One of the most tax efficient investments you can make is into a pension – the income is tax free and the contributions can be offset against your tax bill for the year in which they were made. You can make contributions personally, or through a limited company if you operate one and you can make use of your entire annual tax-free allowance, right up to the end of the year.
Another option for using any surplus funds in a tax-efficient way, is to invest in a tax-free ISA. Again, there’s a limit to how much you can invest in an ISA, £11,500 per year currently and you have until 5 April each year to do so and to use the allowance in full.
Other things to look at if you’re a small business owner include maximising any investment in business assets before the end of the tax year, to take advantage of the annual investment allowance, which allows you to offset investment against your corporation tax bill.
Finally, if you got caught by the child benefit tax, you can’t do much about benefits you’ve already received but now is the time to make a decision about how you are going to manage this going forward.

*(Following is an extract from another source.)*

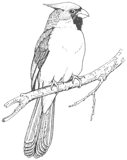 Most folks call him a “redbird,” which is only natural. The male is entirely red except for the black face. No other redbird shows a tuft or has such a heavy, orange bill. The female is dressed more in keeping with family duties for yellowish-brown plumage offers more protection to her and the secluded nest. She always shows a reddish tinge especially on the crest, wings and tail. These markings combined with the conical reddish beak, leave little doubt as to identity. The young resemble the female.

If either you are or partner earn £50,000 or more in a given tax year and you have children, the child benefit you receive will be taxed and if the highest earner received £60,000 or more, it is repayable completely (the income calculation includes all forms of income – e.g. salary, benefits, dividends and rent but is adjusted for pension contributions and similar items). If you earn more than £60,000, the decision really is whether to tell HMRC you want to stop receiving child benefit, or whether to keep collecting it but put it in an interest bearing account, so you can keep the interest when you pay it back as part of your self assessment tax. For earners between £50,000 and £60,000, it’s worth keeping the allowance but making sure again that you keep some of it to be paid back at the end of the year, rather than get caught out – the HMRC website has a handy calculator for this.